Mr. Roger King (Birmingham, Northfield)

How can a train crash be planned?

Mr. Nellist

It is obvious that the hours of debate are telling on the hearing to some hon. Members, Mr. Hunt. I was talking about emergency planning in the event of train crashes. Train crashes are not planned, by defnition. They are accidents and they have to be planned for so that we might deal with the consequences.

Computer systems will be of interest in the west midlands. The West Midlands county council has a system that operates on a county basis. If the Bill were to be enacted and there were to be district divisions, the compatability of computer systems from district to district would place an additional burden on rent and ratepayers. Planning and land reclamation cannot be effectively carried out on a small scale, because it is by definition a regional responsibility. If there is any question of devolving those responsibilities back to the district councils, an additional area of cost will be involved.

I have tried to illustrate that attempts are being made by councillors and officers in the West Midlands county council, which are reflected by other councils throughout the country, to estimate the effect of the abolition of the councils and the cancellation of elections. Extra costs would be incurred by district councils. Despite repeated requests that have been made to the Secretary of State and his Ministers and notwithstanding the vague and unsubstantiated references to savings of £120 million, which were made initially a year ago and repeated at the Tory party conference in October, Ministers have not been prepared to spell out to working people what will be the net financial effects of the Bill's enactment. Therefore, it is essential that the new clause be inserted in the Bill so that, should the Bill be enacted, there will be a responsibility on the Government to provide the relevant facts and figures. Is it to be £120 million savings or £165 million extra costs? If up to 9,000 people are to be sacked on reorganisation, as has been mentioned by several Ministers, has account been taken of the £60 million-odd that will be paid out in dole, supplementary benefit, loss of tax and loss of national insurance?

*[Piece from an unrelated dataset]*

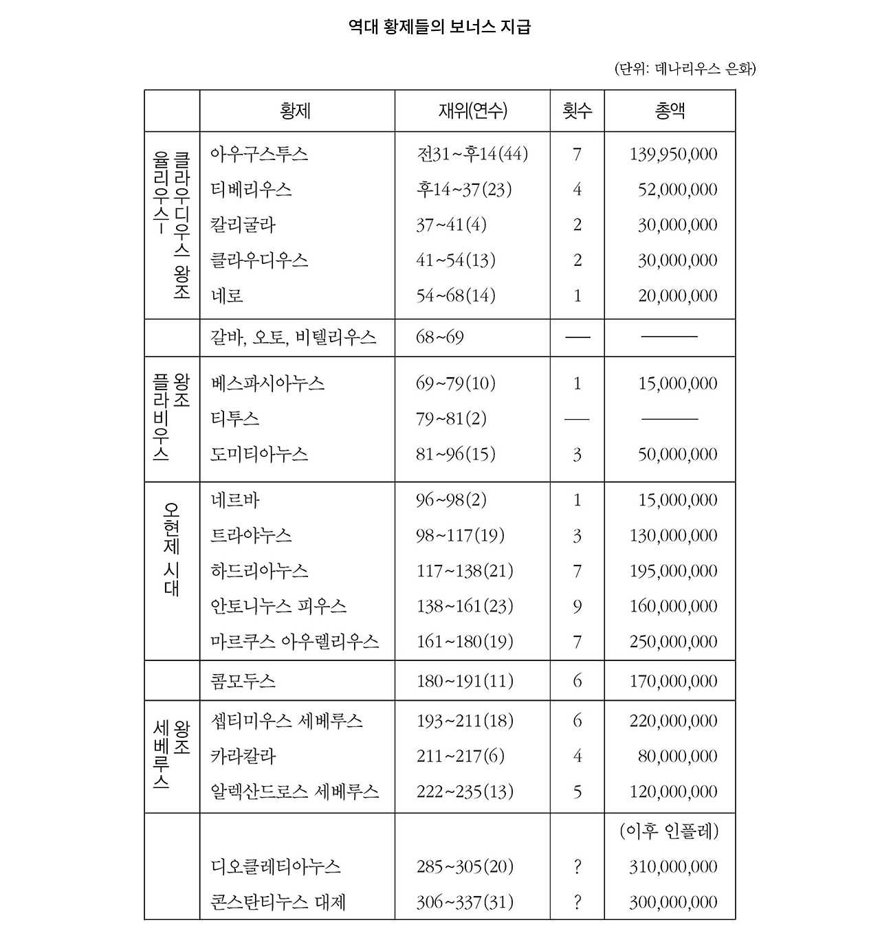 황제가 새로 즉위하거나 나라에 경사스러운 일이 생기면 수도의 평민이나 속주의 군단병들에게 보너스를 나누어주는 관습이 생겼다. 민심을 장악하기 위한 방책이었던 것은 말할 나위도 없다. 일인당 보너스는 군단병 연봉의 3분의 1 정도였다.
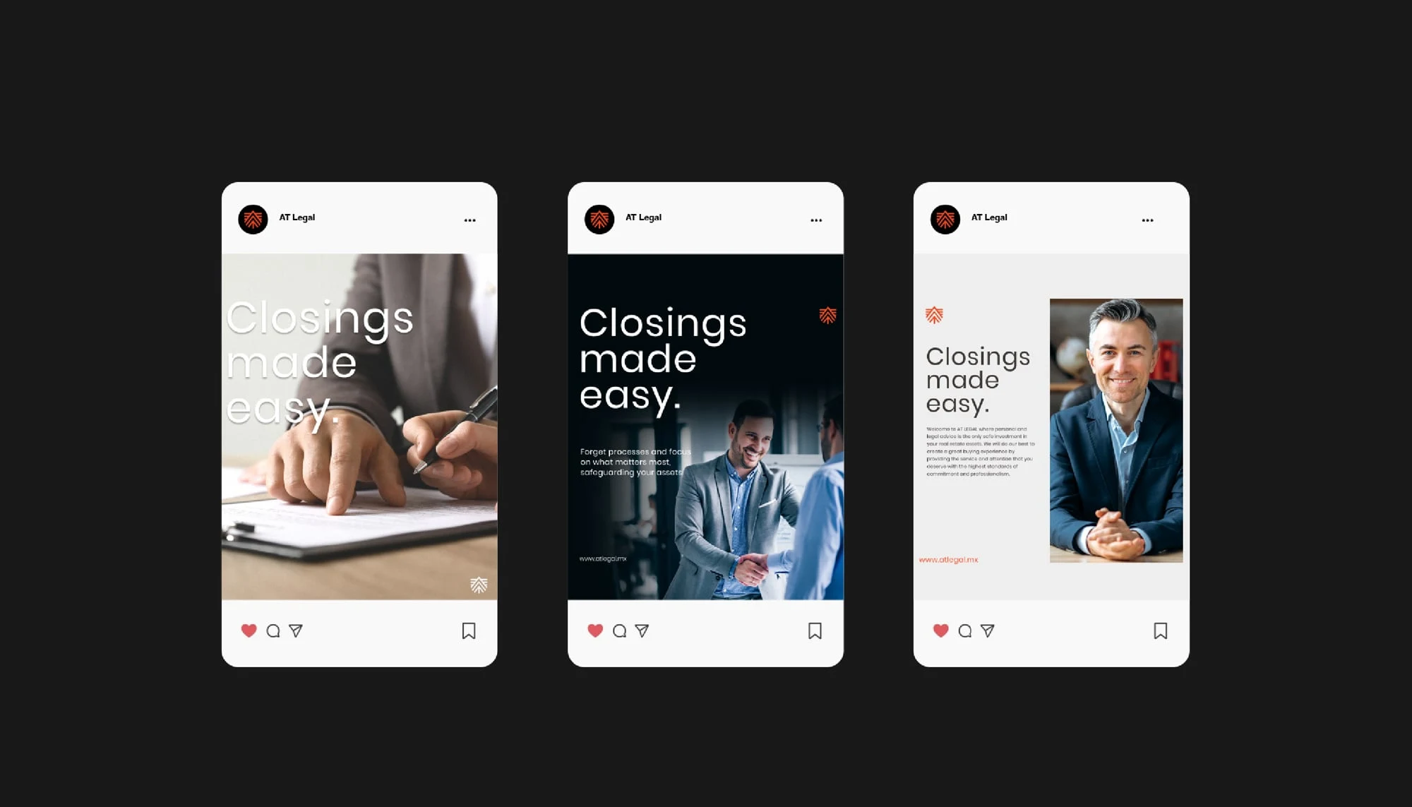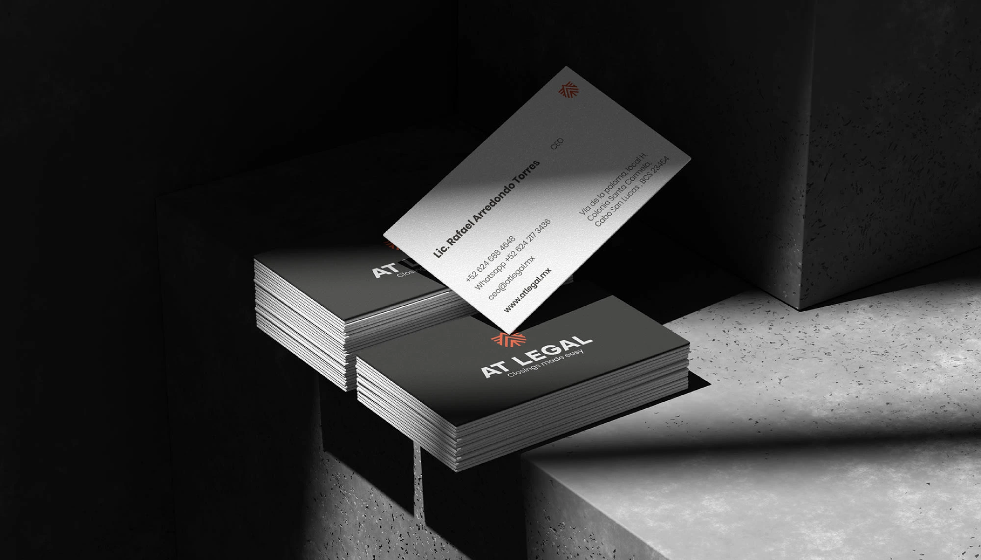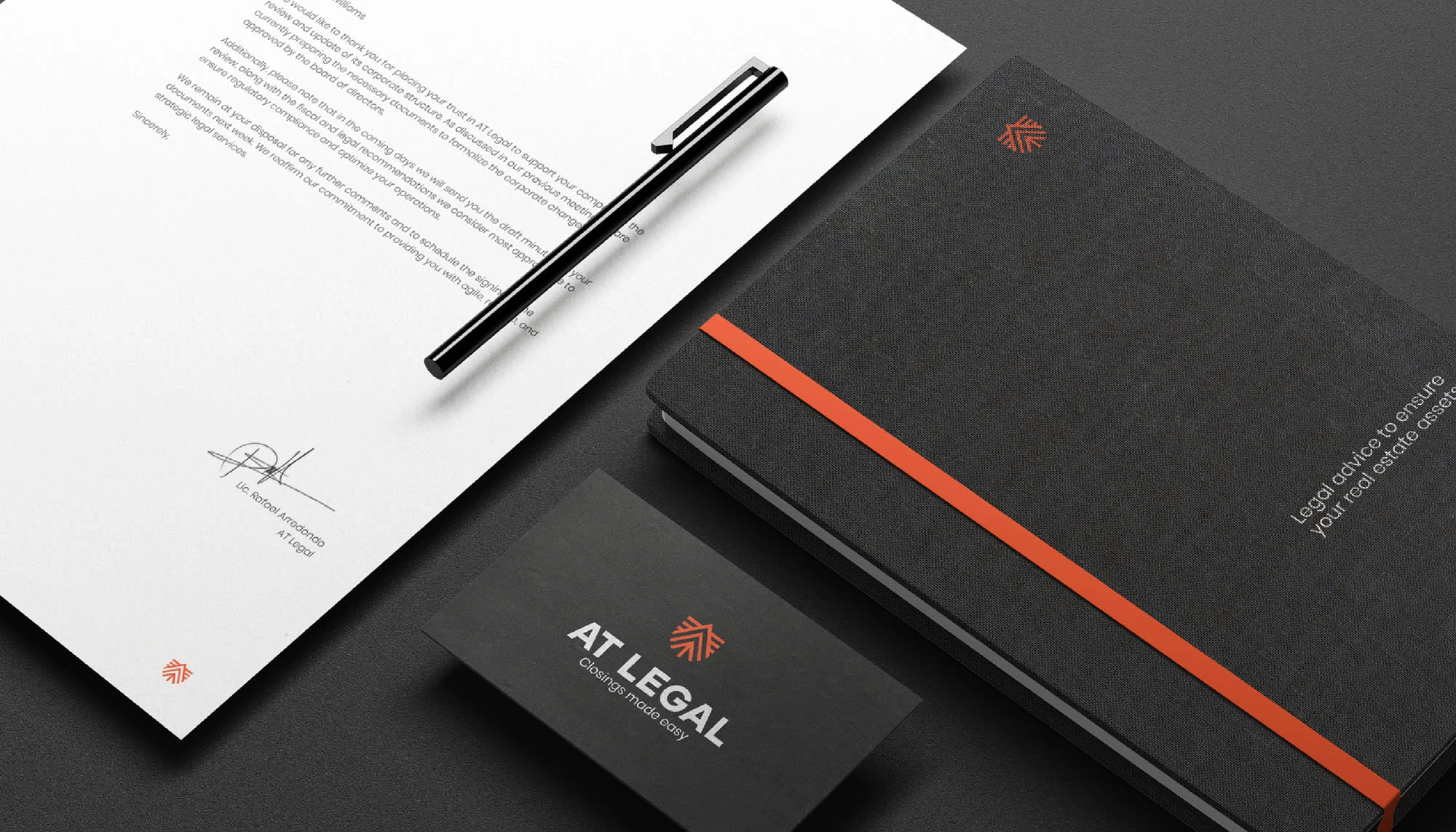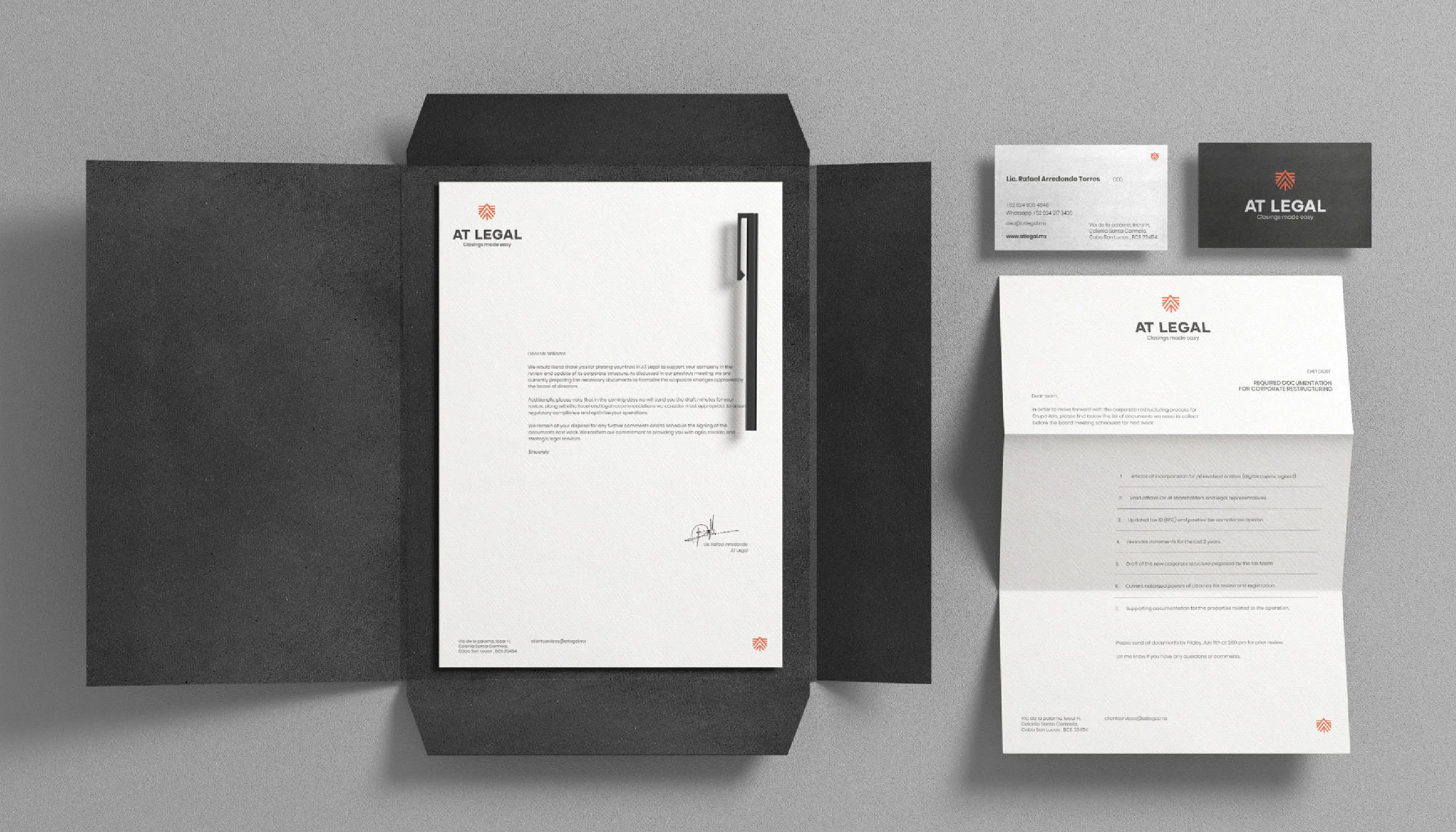 Brand strategy & identity for AT Legal, a law firm. A refined system that conveys credibility, clarity & professionalism.

If the Tory party and Ministers intend to take us down the road of confrontation with directly elected Labour authorities, and to force through the Bill, do Ministers not have the guts to come to the Dispatch Box and spell out facts and figures so that working people can judge whether it will cost them money or save them money? I believe that it will cost a great deal more money, and that may be the reason why the Secretary of State and his Ministers refuse to answer these questions.

Mr. Malcolm Bruce (Gordon)

I am glad to have the opportunity to support an important clause. As the hon. Member for Coventry, South-East (Mr. Nellist) said, there seem to be some differences of opinion among experts inside and outside Government circles about the Bill's likely financial implications. The Government must be prepared to spell them out in some detail. If there will be a saving, as the Government argue, without spelling out how that will be achieved and what the cost will be, the taxpayer must have some indication of the likely benefit in terms of a tax cut, or those who are in favour of spending money in a different way should offer a reasonable case for the more effective deployment of the resources that are saved as against the way in which they are currently being expended. The clause is particularly important. I hope that the Government will recognise that the Bill cannot be agreed to on the basis of a general idea that it will save money, without setting out in specific detail the areas in which likely savings are to be made.

It is fairly easy to recognise that that has implications throughout the United Kingdom. It is not simply a matter for the relevant authorities. I and my colleagues greatly regret that the Government maintain that we should be treated as one centralised unitary state, with Whitehall and the Treasury ultimately controlling everything, whether local authority or Government expenditure.

It is intriguing, when comparing local authority expenditure with Government expenditure, to observe that the Government imply that the abolition of the local authorities will by definition save money, even though many of the functions may be transferred partly to Government administration when the Government's record of controlling expenditure is far worse than that of most local authorities. The vast majority of taxpayers will not be inspired with a great deal of confidence to know that the Government will be in control of expenditure, because, so far, in spite of their five years in office, the Government have not yet succeeded in taking firm control of expenditure, and the local authorities have performed considerably better than the Government.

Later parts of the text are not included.